In southern India and the Deccan, there were two principal states- the Bahmani and the Vijayanagar kingdoms. They had little or no influence on North Indian politics but their mutual relation was of constant war against each other which ultimately brought about the end of both of them leading to the foundation of a number of smaller succession states.
The Bahmani kingdom was founded in 1347 by Alauddin Hasan Bahman Shah or Hasan Gangu during the reign of Sultan Muhammad bin Tughluq. He made Gulbarga the capital in place of Daulatabad. The dynasty lasted till 1518 and had a total of 14 kings, four of whom viz., Alauddin Hasan (1347-1358), Muhammad I (1358-1377), Firuz Shah (1398-1422) and Ahmad Shah Wali (1422-1435) are more famous.
Alauddin Hasan divided the kingdom into four units called the ‘tarafs‘. The officer of each one of them was called tarafdar and he was expected to maintain law and order and collect the royal dues. These tarafdars had their headquarters at Gulbarga, Daulatabad, Berar and Bidar.
During the reign of his son Muhammad I, administrative reorganization went further ahead and his wazir Saifuddin Ghori divided the business of the central government into a number of departments and entrusted them to the care of eight principal ministers. Their designations and functions were as follows-
Vakilus-Saltanat- He corresponded to Malik Naib or Vakil under the Sultans of Delhi.
Wazir-i-Kul- He supervised the work of every minister except the Vakil.
Amir-i-Jumla- He was the head of the Finance Department.
Wazir-i-Ashraf- He attended to foreign relations and duties at court.
Nazir- He was attached to the finance department and acted ass its deputy minister.
Peshwa- He was attached to the Vakil.
Kotwal- He was the head of the police and maintained law and order.
Sadr-i-Jahan- He was the head of the judicial, ecclesiastical and charity departments.

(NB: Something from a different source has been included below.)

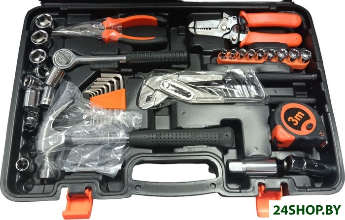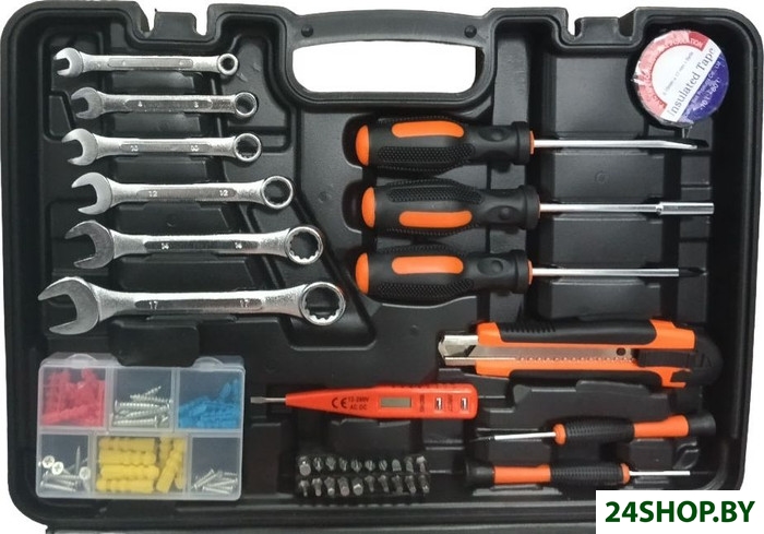 - Комплектация: Переставные клещи -1шт Длинногубцы 6" - 1штСтриппер для зачистки проводов -1штКомбинированный ключ -6 штНабор ключей шестигранников - 8штМолоток-1 штОтвертка 2штНабор отверток для точечных работ 2 штИндикаторная отвертка -пробник 1штИзолента 1штРулетка 3м-1штМонтажный нож-1штТорцевые головки 1/4-9штГоловка торцевая свечная 3/8 16мм-1штГоловка торцевая свечная 3/8 21мм-1штУдлинитель 3/8" 75мм-1штТрещотка 3/8"-1штТорцевые головки 3/8-10штОтвертка-битодержатель -1штНабор бит 25мм 9штБита - адаптер для торцевых головок 1штНабор бит 50мм 10штНабор крепежа 1штКейс 1шт

Having organized their internal administration, they turned towards territorial aggrandisement. They sometimes collided against the rulers of Malwa, Khandesh and Gujarat also, but their wars against the Hindu Rajas of Orissa, Vijayanagar and Warangal were almost intermittent. These wars were mainly inspired by the lust for power and religious fanaticism. Hindu Rajas dreamed of cleansing the Deccan of the rule of the mlechchhas. Hence they attacked the Bahmanids whenever an opportunity offered itself. Bahmani rulers, on the other hand, considered it a divine obligation to extend Islamic culture over the whole of the Deccan. Muslims were numerically far inferior to the Hindus. Hence a number of Bahmani rulers tried to raise the morale of their troops by raising the slogan of jihad. For the same reason, they indulged in senseless massacres of lakhs of Hindus. Hindus tried to avenge this wrong by retaliation. But Bukka I and Muhammad I came to an agreement that civilians should not be massacred.

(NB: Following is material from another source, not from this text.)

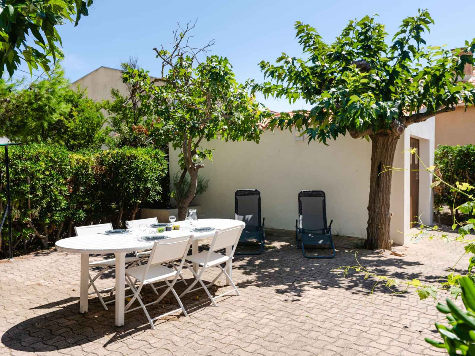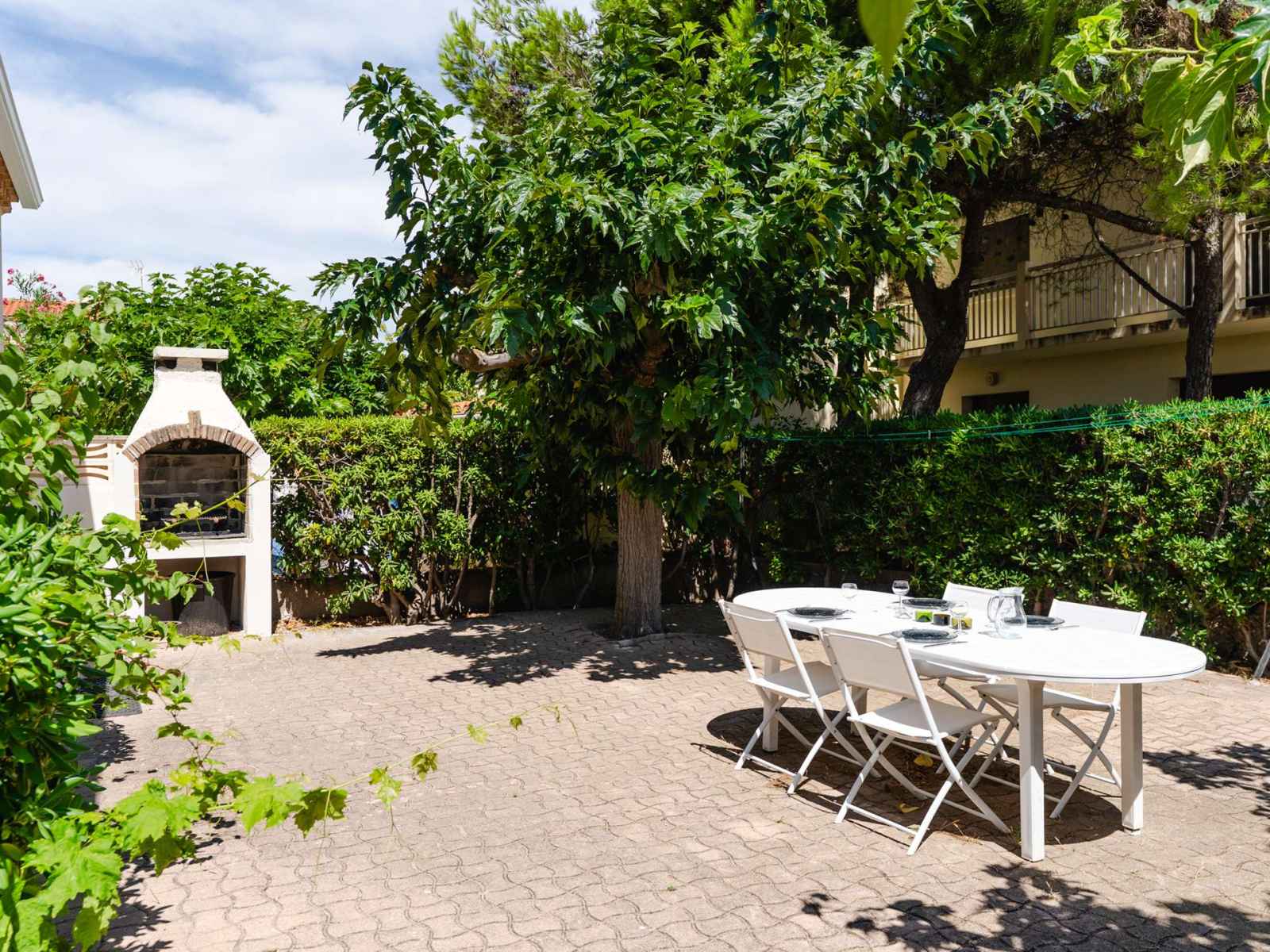L'espace extérieur est vaste, avec un salon de jardin, une douche extérieure, un étendoir fixe et un barbecue en dur (charbon non fourni). Le garage à usage de stockage n'est pas accessible.

Mahmud Gawan, the prime minister of Muhammad III, made a successful attempt to stem the rot in the kingdom and introduced a number of administrative reforms. He divided each Taraf into two parts so that the tarafdars may not grow inordinately powerful or rebellious. He reduced their powers and extended supervision by the centre. He reformed the administration of justice and reorganized the finances of the state. Provision was also made for public education. For the imposition of an equitable land tax, he ordered survey and measurement and classified land according to its yield. Local rent collectors were kept under proper control and all cases of corruption or exaction were suitably punished. This improved a lot of the peasants. The army was also reorganized. The net result of all these changes and reforms was that the central government gained power at the cost of local governors. Hence the latter became hostile to Gawan and organized a conspiracy to secure his murder on a faked charge of treason. The foolish monarch signed the death-warrant of Gawan and thereby of his own dynasty. The Bahamani ruler was soon set aside and the kingdom got divided into five independent principalities- Berar, Bidar, Golconda, Bijapur and Ahmadnagar.

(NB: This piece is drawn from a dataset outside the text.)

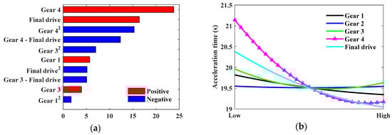 To analyze the impact of the driveline parameters on vehicle performance, a design of experiment (DOE) methodology was employed while using the optimal Latin hypercube (OLH) algorithm to randomly generate 500 samples in a five-dimensional vector space [46], where each row vector can represent a combination of the speed ratios of the AMT and final drive. The responses of fuel consumption and acceleration time with respect to the speed ratios are respectively shown in Figure 10 and Figure 11. It can be seen that gear 4 had the most positive influence on both fuel consumption and acceleration time, while other factors also inordinately impacted vehicle performance. Gear 1 had an insignificant influence on fuel economy, while it had an advantage in improving acceleration performance, and gear 2 was just to the contrary. Moreover, the increase of the speed ratios for the final drive and gear 3 had a negative impact on fuel economy, but was beneficial to the improvement of dynamic performance. The analysis results from our research indicated that all five variables need to be optimized, and the boundaries of the optimization variables need to be well-designed in order to obtain suitable optimal parameters.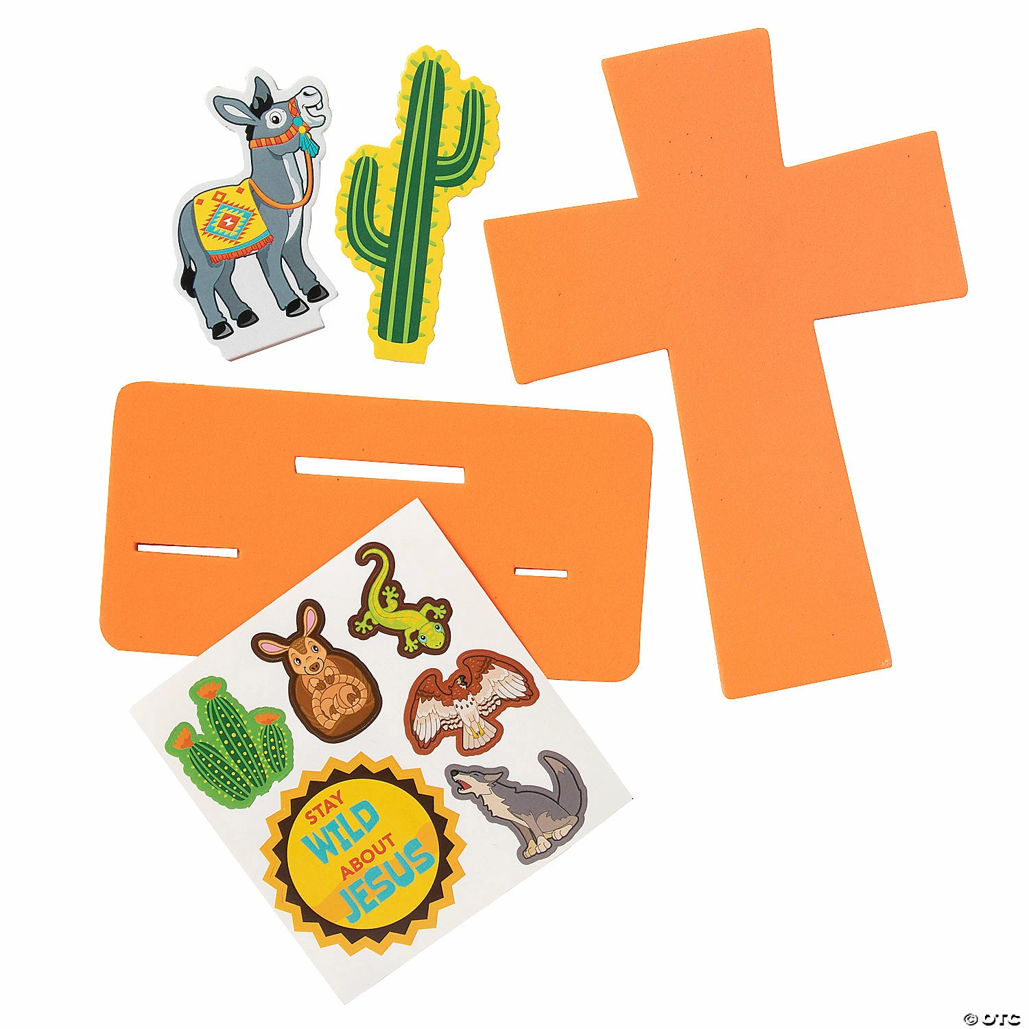 Help VBS kids stay wild about Jesus with this fun craft kit! Featuring Southwest VBS themes and messaging, this stand-up cross is easy to make and even easier to display afterward. Add this kit to your Southwest VBS craft supplies list for an activity kids will enjoy β and craft leaders will appreciate! Includes self-adhesive foam pieces and paper stickers. 6″ x 3″ x 7 1/4″Β Makes 12. All craft kits are pre-packaged for individual use. Kits include instructions. Β© OTCSouthwest Stand Up Cross Instructions

The annals of the rulers of this dynasty inspire no respect or reverence for them. They generally kept their subjects peaceful and orderly, patronized art and letters and adorned Gulbarga and Bidar with beautiful palaces. But there is repeated and sickening reference to their debaucheries, cruel murders of innocent civilians, exploitation of the people in the name of religion and indulgence in their own whims and fancies. Their piety did not inspire the restraint of passions or purity of conduct. According to them, the essence of religion lay in torturing the Hindus, desecration of their temples, a massacre of their people irrespective of age or sex or obliging them to repeat the kalima under duress. In spite of all this, it must be conceded that the way they upheld Muslim authority in a hostile environment bears eloquent testimony to their determination and military prowess.